__MATERIAL FOR THIS EXERCISE__.
---------------

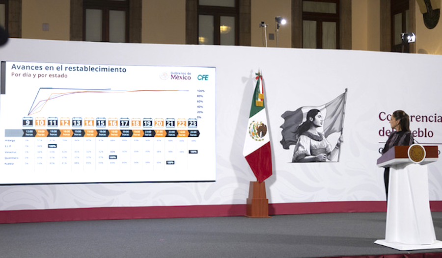 La directora general de la Comisión Federal de Electricidad, Emilia Calleja Alor, detalló que se tiene un avance de 99.82 por ciento en el restablecimiento del suministro eléctrico. En San Luis Potosí se alcanzó el 100 por ciento desde el 11 de octubre, en Querétaro desde 16 de octubre, en Puebla desde el 21 de octubre, en Veracruz el 23 de octubre, mientras que en el caso de Hidalgo se tiene un 99 por ciento, quedando 466 usuarios afectados por atender.
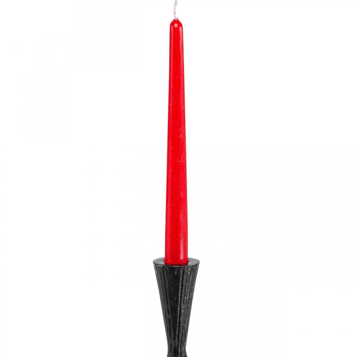 Lysestaken er støpt av metall og har en filtbeskytter på bunnen. Holderen passer akkurat til et pinnelys. På grunn av høyden er den sorte lysestaken ideell for et lavt salongbord eller sidebord, men er også svært effektiv i borddekorasjoner med stearinlys.
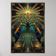 Art Deco Celtic Tree of Life Pyramid Gold Teal Poster
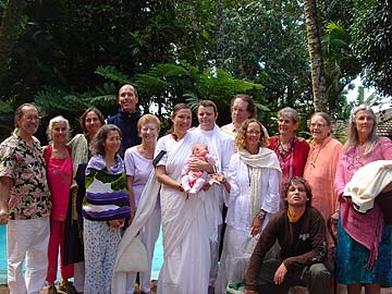 A special baby blessing was given in the Kadavul Temple this morning for Kamala and her husband Bodhichitta who have recently moved to Kauai. They pose for a photo in front of the temple tank with baby Emilia who was born on January 12th. They observed the tradition of keeping mother and child sequestered for 30 days and today was the little Emilia's first trip out in the world. They came to Kadavul for blessings with all their friends.
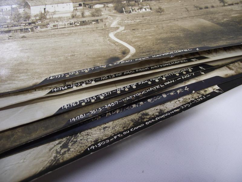 Its my belief this large photos where taken in 1918 by the allies before the offensive to liberate the surrounding area to eliminate the St.Mihiel Salient. The area was capture by the 26th ''Yankee'' division on Sept 12th 1918. Four photos are marked views from Hattonchatel, i think its views of the Woevre pain. The other two are titled Apermont and lastly an aerial view of Fort Du Camp Romain that was capture by the Germans in 1914. Condition of the photos is very good with slight edge knocks etc.
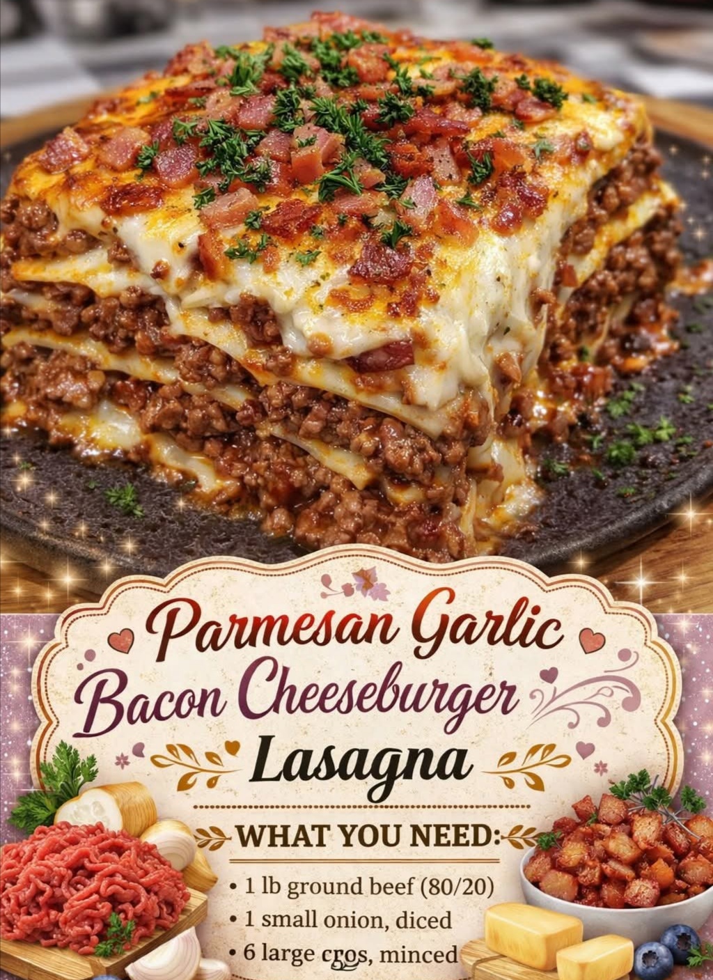 🧄🥓🧀 Parmesan Garlic Bacon Cheeseburger Lasagna 🍔🇮🇹
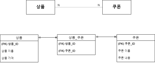 (위 그림처럼 상품 엔티티와 쿠폰 엔티티는 상품_쿠폰 엔티티라는 관계 엔티티로 다대다 관계가 맺어집니다.)
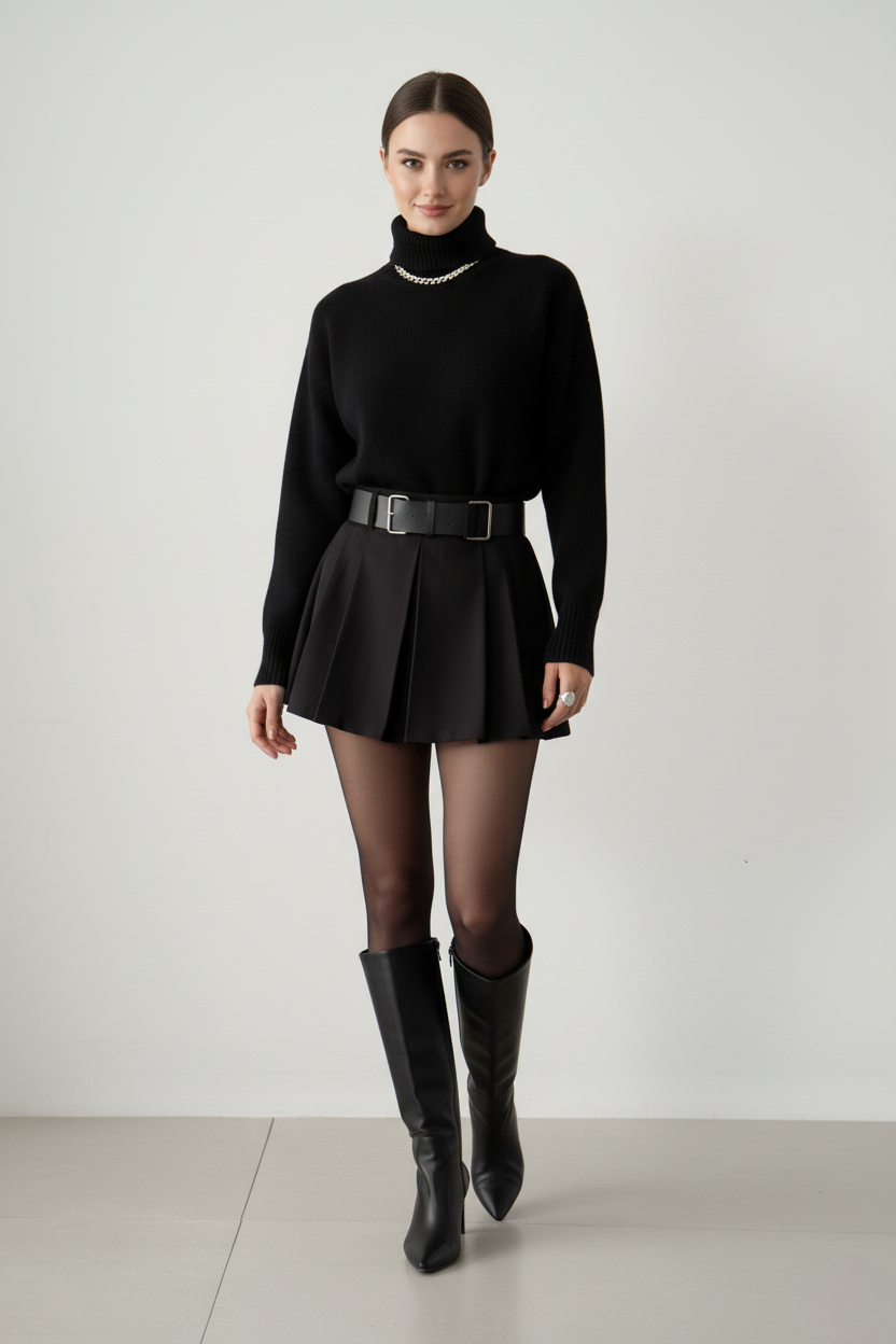Saç Örgü Detaylı Etek Kazak Takım
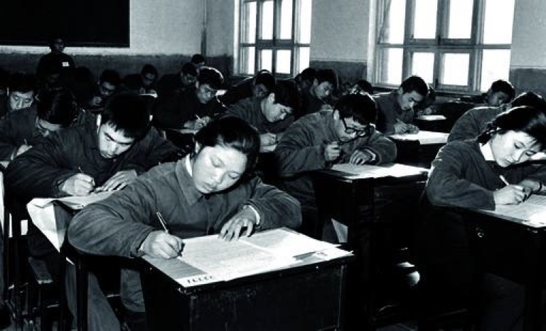 1977年8月4日,剛剛?cè)婊謴?fù)工作、分管科教的鄧小平邀請30多位著名科學(xué)家和教育工作者座談。鄧小平當(dāng)場表態(tài):“‘16字方針’必須推倒,恢復(fù)統(tǒng)一高考從今年開始?!本驮谶@一年,中斷11年之久的“擇優(yōu)錄取”高考制度終于恢復(fù)了。570萬考生從農(nóng)村、工廠、部隊走進(jìn)考場,最終將近28萬大學(xué)生在1978年2月、3月間走進(jìn)了大學(xué)校園。在過去40年里,我國有1.2億人通過高考進(jìn)入大學(xué)。
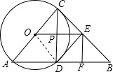 分析 证明BC是⊙O的切线,进而得到P是CD的中点,利用中位线定理求出OE∥AB,据此判断A正确;证明E是BC的中点,利用∠CDB是直角,据此得到BC=2DE,判断B选项正确;证明△ACD∽△EDF,即可得到AC•DF=DE•CD,判断C选项正确;只有当PE=PD时DE才等于$\sqrt{2}$PD,据此判断D选项错误.
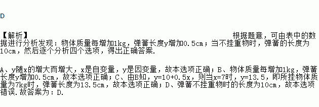 在弹性限度内,弹簧挂上物体后会伸长,测得弹簧的长度与所挂物体的质量![]()
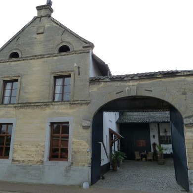 Gesloten mergelhoeve met afgedekte topgevel en twee poorten (XIX).
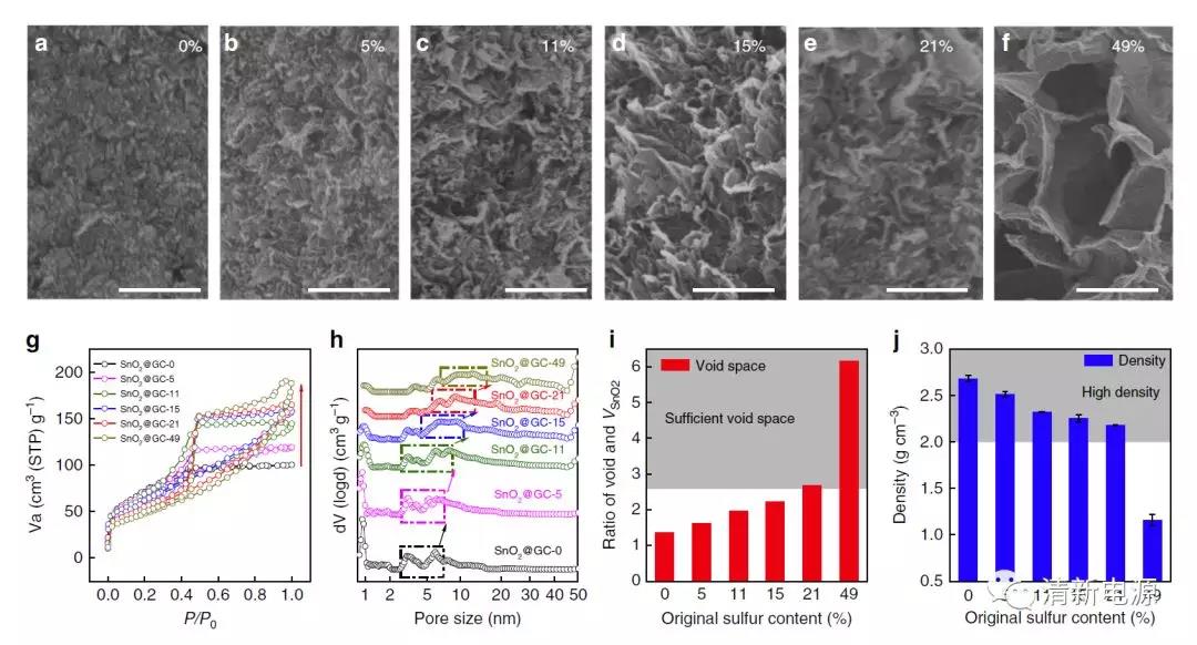 圖3 硫模板法對(duì)預(yù)留空間的精確調(diào)控。(a-f)SEM表征硫模板使用量的增加,三維石墨烯網(wǎng)絡(luò)結(jié)構(gòu)的變化;(g-h)氮?dú)馕摳奖碚魇┚W(wǎng)絡(luò)的孔隙變化;(i-j)二氧化錫/石墨烯復(fù)合結(jié)構(gòu)內(nèi)部預(yù)留空間和密度的變化。

---------------

__REQUIREMENT__.
Write down exactly what the lines above say, from the line holding "Cheeseburger Lasagna 🍔🇮🇹" through the line holding "Saç Örgü Detaylı Etek Kazak Takım", and nothing more. Do not copy the pictures.

__ANSWER TO THE EXERCISE__.
 🧄🥓🧀 Parmesan Garlic Bacon Cheeseburger Lasagna 🍔🇮🇹
 (위 그림처럼 상품 엔티티와 쿠폰 엔티티는 상품_쿠폰 엔티티라는 관계 엔티티로 다대다 관계가 맺어집니다.)
Saç Örgü Detaylı Etek Kazak Takım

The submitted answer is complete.